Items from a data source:
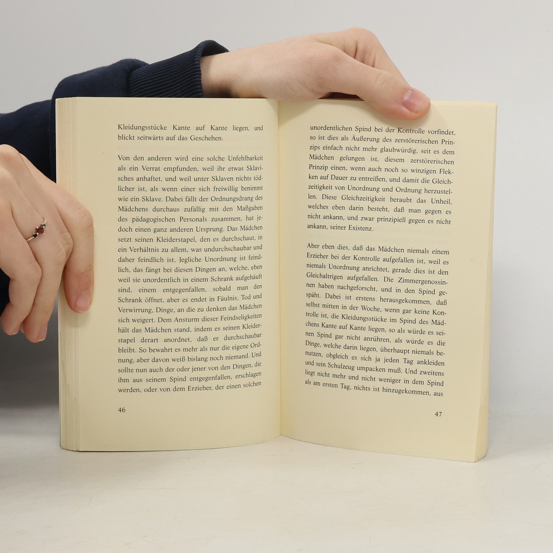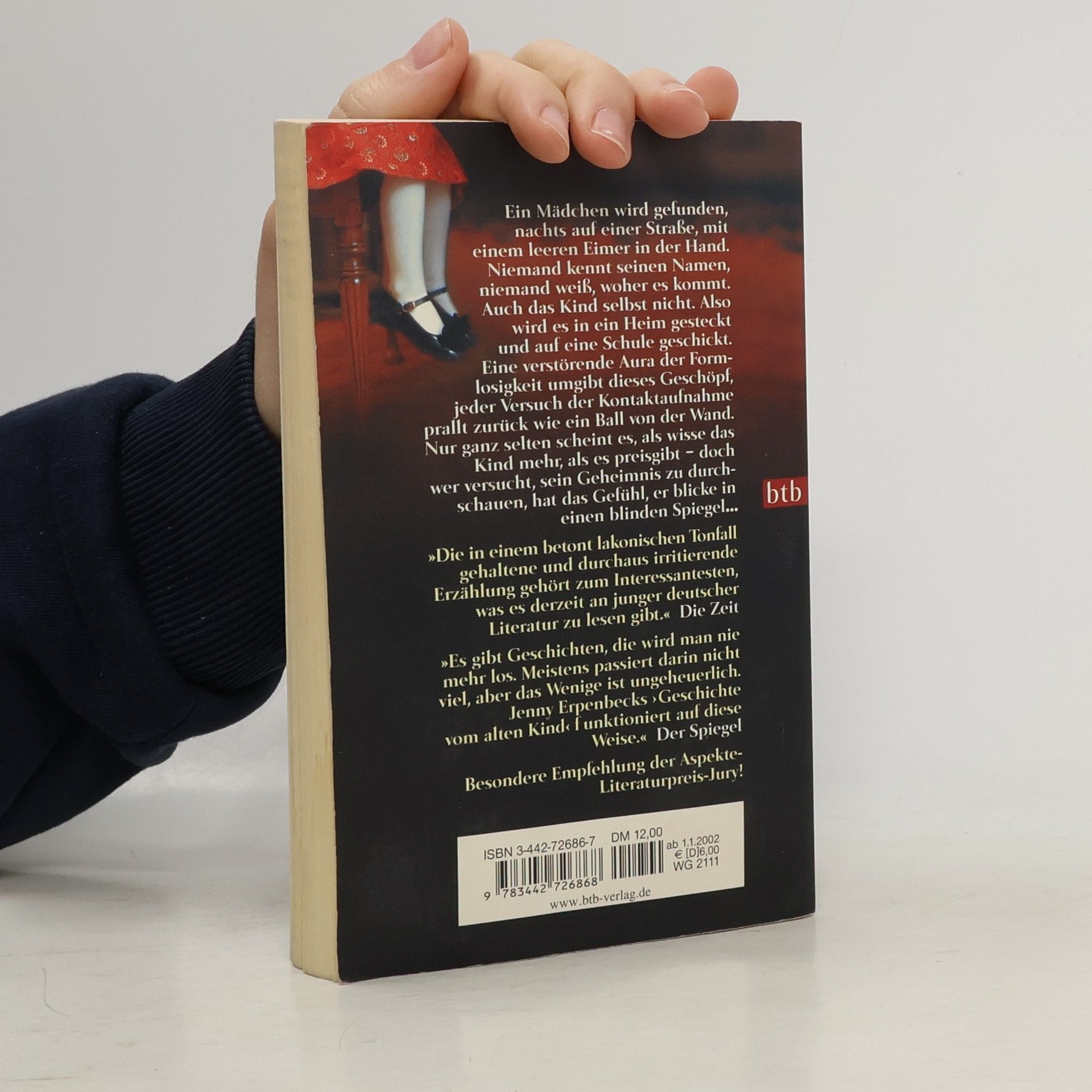 Ein Mädchen wird gefunden, nachts auf einer Straße, einen leeren Eimer hat es in der Hand. Es ist nicht schön noch häßlich, niemand kennt seinen Namen, niemand weiß, woher es kommt, niemand weiß, wer seine Eltern sind. Niemand, auch das Kind selbst nicht. Also wird es in ein Heim gesteckt und auf eine Schule geschickt. Eine verstörende Aura der Formlosigkeit umgibt dieses Geschöpf; jeder Versuch der Kontaktaufnahme prallt zurück wie ein Ball von der Wand. Nur ganz selten scheint es, als wisse das Kind mehr, als es preisgibt – doch wer versucht, sein Geheimnis zu durchschauen, hat das Gefühl, er blicke in einen blinden Spiegel ... In ihrer ersten Veröffentlichung gelingt es Jenny Erpenbeck, der wundersamen Gestalt des alten Kindes eine ganz eigene Sprache zu geben. Eine Sprache, die auf faszinierend-verstörende Weise alles fasst: die Magie der Fremdheit, das Staunen über die Welt, das Geheimnis des Kindes. Mit ihrem hochgelobten Debüt hat sich Jenny Erpenbeck als eine der ganz großen Hoffnungen der jungen deutschen Literatur erwiesen.
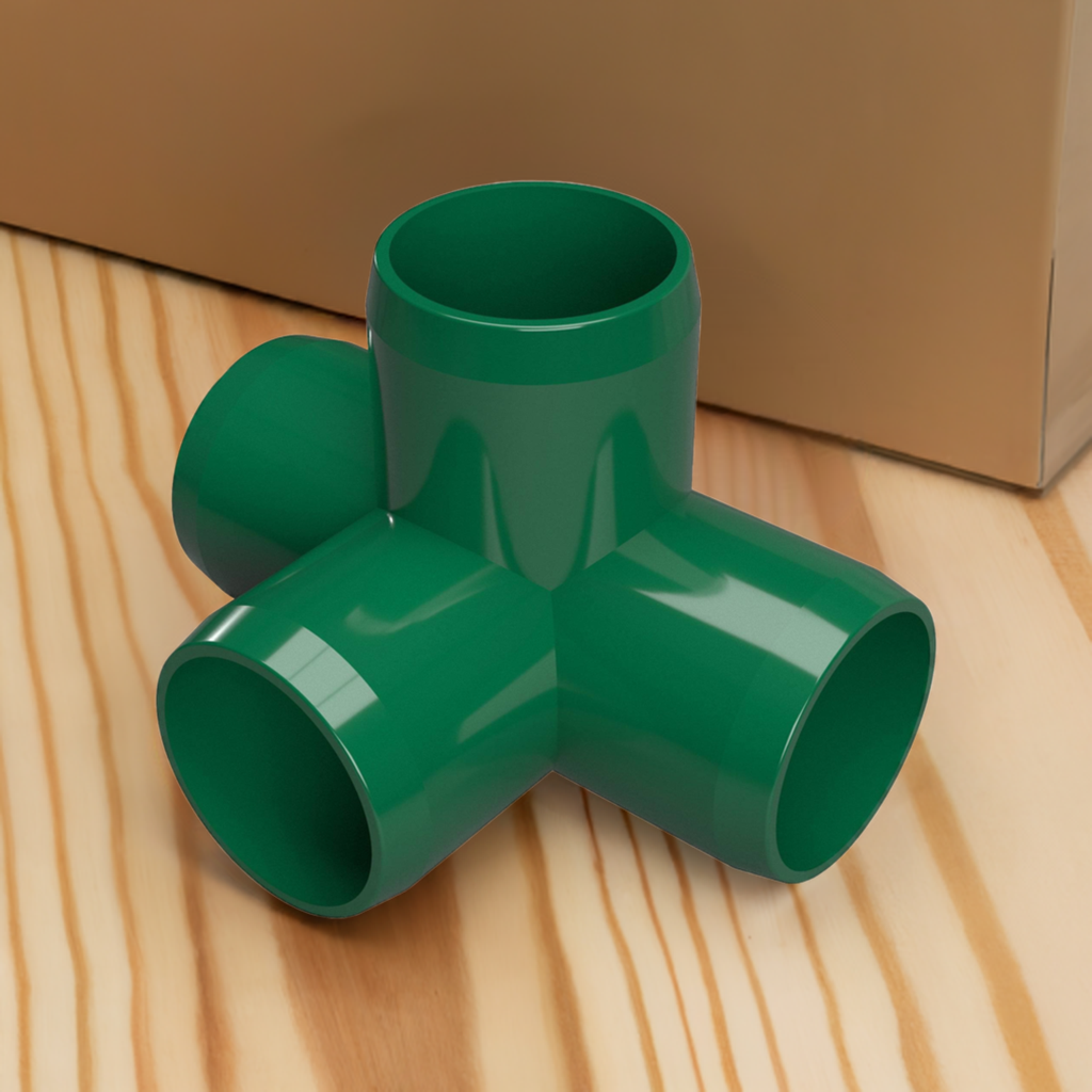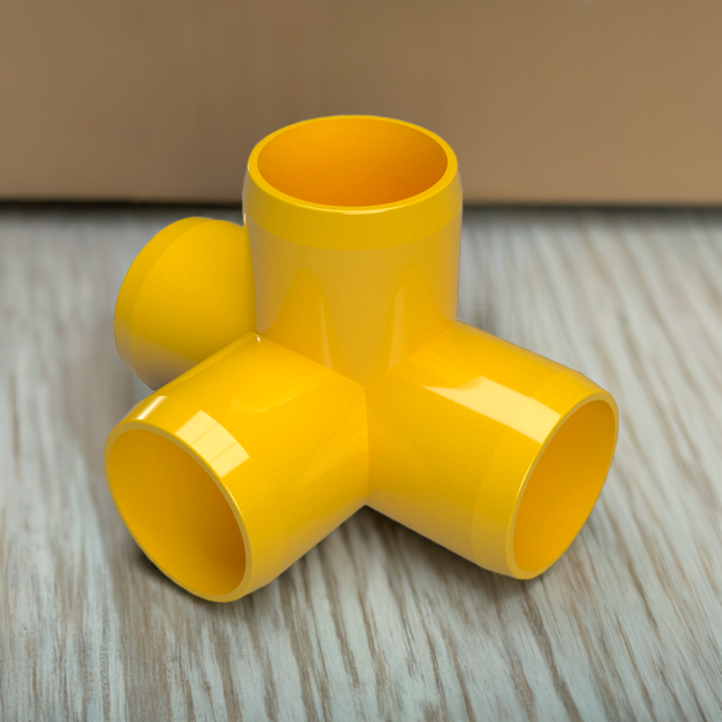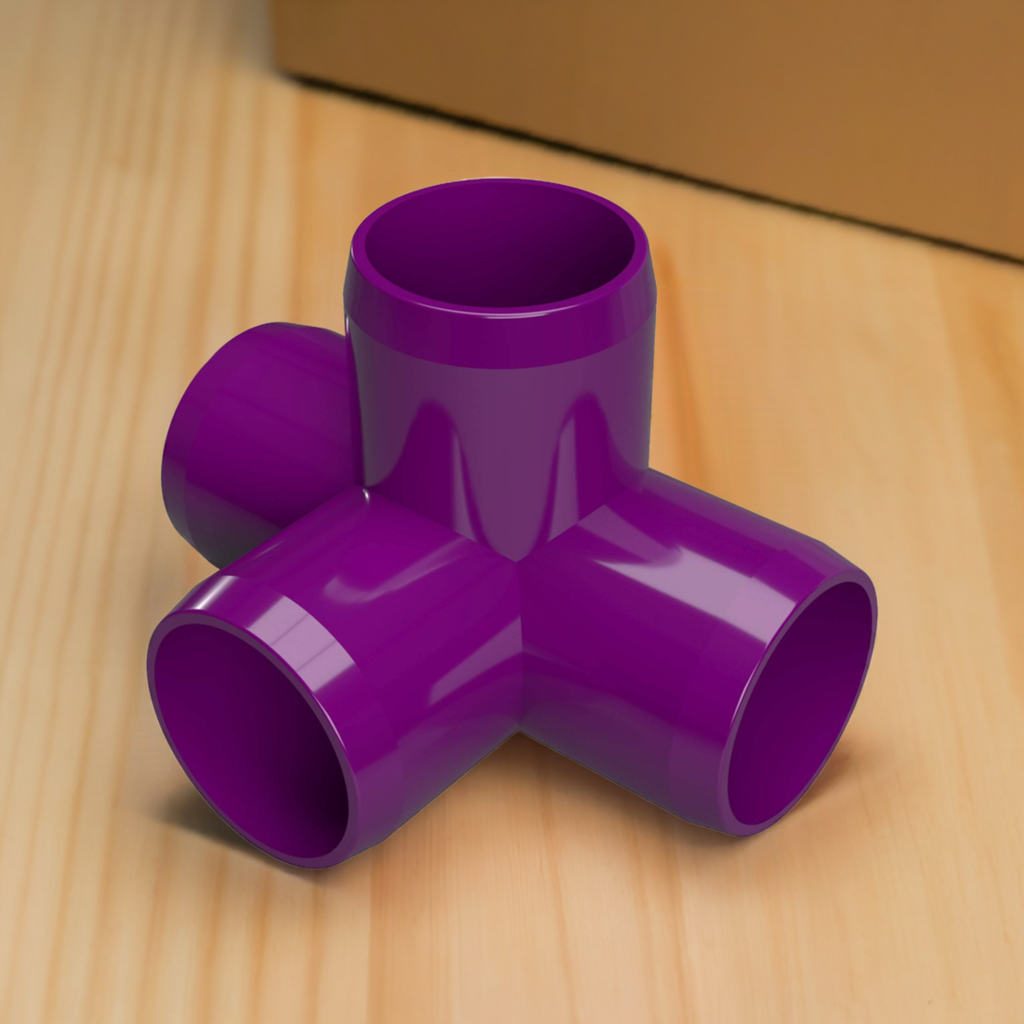 Build frame edges of structural PVC applications with the Formufit 1-1/2 in. Furniture Grade PVC 4-Way Tee. This PVC side outlet Tee connector joins 4 lengths of 1-1/2 in. Sch. 40 PVC pipe at separate planes with 3 horizontal connections and 1 vertical. Total of 60 fittings per box.
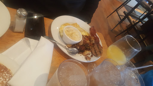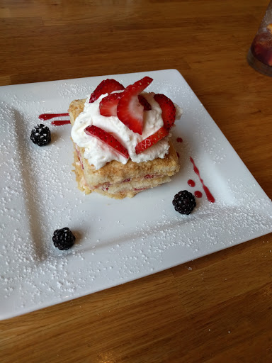 Went for brunch and were so tempted by the dinner menu we went back the same day. I dont do bacon, so I avoided the breakfast burrito and opted for the vegan one. Wow! My bf preferred mine to his normal one. It was the pineapple plus salsa and black beans. Ahhh and the guac. Orange challah french toast was ok, but its hard to beat my moms. The dinner was delicious. We had tapas version chicken quesadillas which had the guac. The waitress let us try the blueberry bbq sauce which they use on their babyback ribs. My chicken n dumplings were delicious as were his salmon and risotto (though he couldve gone for a larger portion). That left room for peanut butter (mousse) pie. I know the talk is all brunch, but give the other stuff a shot. Dinner was even better!
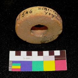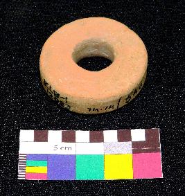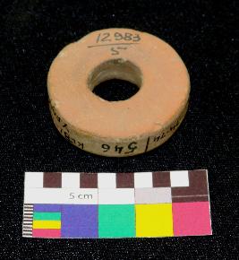 | Description / विवरण | Intact, circular shaped terracotta ring is red in color, made of well levigated clay, having flat circular ends with a hole in the center, smooth body, and circular section. |
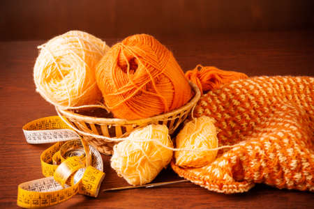 Ball of woolen thread for knitting orange color and knitting needles
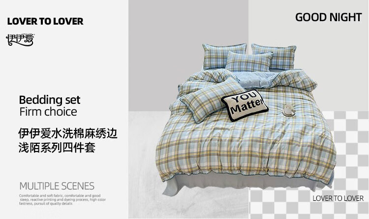 伊伊爱 水洗棉麻绣边浅陌系列套件四件套200*230cm TJ0ZF02302056
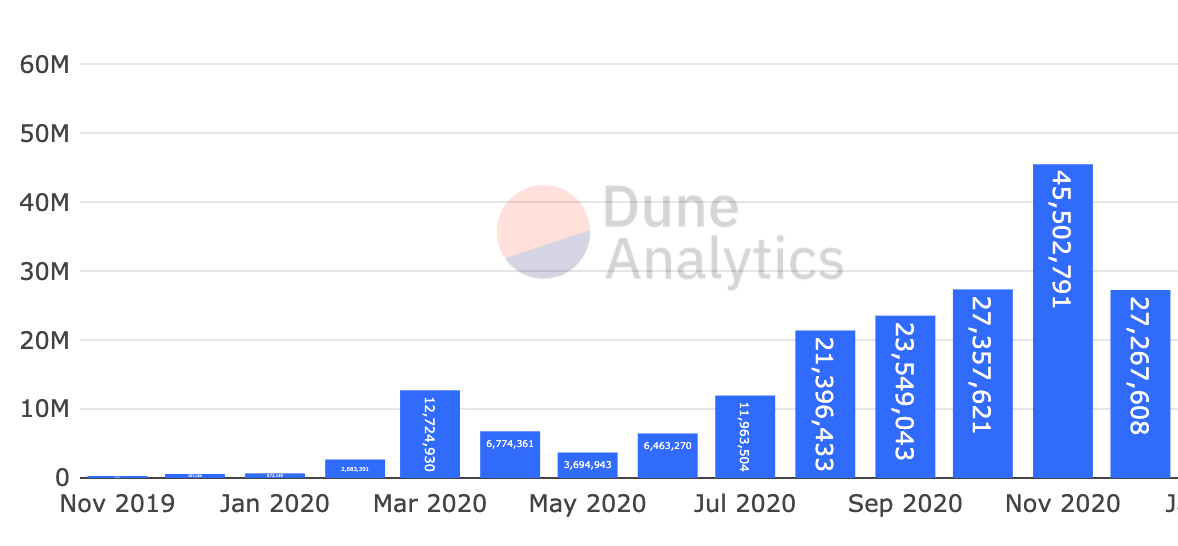 ParaSwap a connu une année 2020 réussie avec plus de 189 millions de dollars de volume sur la plateforme. Ce n’est pas moins de 51 300 swaps qui ont été réalisés durant cette première année complète d’activité.
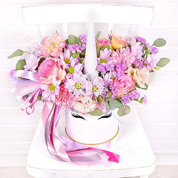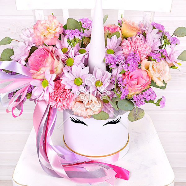 Словно волшебный единорог с роскошной гривой из роз, хризантем, гвозик, эустомы и статицы, эта цветочная композиция подарит сказочно-прекрасное настроение, искренний восторг и веру в чудеса!  Фиолетово-розовая гамма, нежность лепестков и  очарование бутонов  никого не оставят равнодушным!

- [Description of the task] Exact wording is required throughout: write out all the records, but no pictures.

- [Task solution]
 Ein Mädchen wird gefunden, nachts auf einer Straße, einen leeren Eimer hat es in der Hand. Es ist nicht schön noch häßlich, niemand kennt seinen Namen, niemand weiß, woher es kommt, niemand weiß, wer seine Eltern sind. Niemand, auch das Kind selbst nicht. Also wird es in ein Heim gesteckt und auf eine Schule geschickt. Eine verstörende Aura der Formlosigkeit umgibt dieses Geschöpf; jeder Versuch der Kontaktaufnahme prallt zurück wie ein Ball von der Wand. Nur ganz selten scheint es, als wisse das Kind mehr, als es preisgibt – doch wer versucht, sein Geheimnis zu durchschauen, hat das Gefühl, er blicke in einen blinden Spiegel ... In ihrer ersten Veröffentlichung gelingt es Jenny Erpenbeck, der wundersamen Gestalt des alten Kindes eine ganz eigene Sprache zu geben. Eine Sprache, die auf faszinierend-verstörende Weise alles fasst: die Magie der Fremdheit, das Staunen über die Welt, das Geheimnis des Kindes. Mit ihrem hochgelobten Debüt hat sich Jenny Erpenbeck als eine der ganz großen Hoffnungen der jungen deutschen Literatur erwiesen.
 Build frame edges of structural PVC applications with the Formufit 1-1/2 in. Furniture Grade PVC 4-Way Tee. This PVC side outlet Tee connector joins 4 lengths of 1-1/2 in. Sch. 40 PVC pipe at separate planes with 3 horizontal connections and 1 vertical. Total of 60 fittings per box.
 Went for brunch and were so tempted by the dinner menu we went back the same day. I dont do bacon, so I avoided the breakfast burrito and opted for the vegan one. Wow! My bf preferred mine to his normal one. It was the pineapple plus salsa and black beans. Ahhh and the guac. Orange challah french toast was ok, but its hard to beat my moms. The dinner was delicious. We had tapas version chicken quesadillas which had the guac. The waitress let us try the blueberry bbq sauce which they use on their babyback ribs. My chicken n dumplings were delicious as were his salmon and risotto (though he couldve gone for a larger portion). That left room for peanut butter (mousse) pie. I know the talk is all brunch, but give the other stuff a shot. Dinner was even better!
 | Description / विवरण | Intact, circular shaped terracotta ring is red in color, made of well levigated clay, having flat circular ends with a hole in the center, smooth body, and circular section. |
 Ball of woolen thread for knitting orange color and knitting needles
 伊伊爱 水洗棉麻绣边浅陌系列套件四件套200*230cm TJ0ZF02302056
 ParaSwap a connu une année 2020 réussie avec plus de 189 millions de dollars de volume sur la plateforme. Ce n’est pas moins de 51 300 swaps qui ont été réalisés durant cette première année complète d’activité.
 Словно волшебный единорог с роскошной гривой из роз, хризантем, гвозик, эустомы и статицы, эта цветочная композиция подарит сказочно-прекрасное настроение, искренний восторг и веру в чудеса!  Фиолетово-розовая гамма, нежность лепестков и  очарование бутонов  никого не оставят равнодушным!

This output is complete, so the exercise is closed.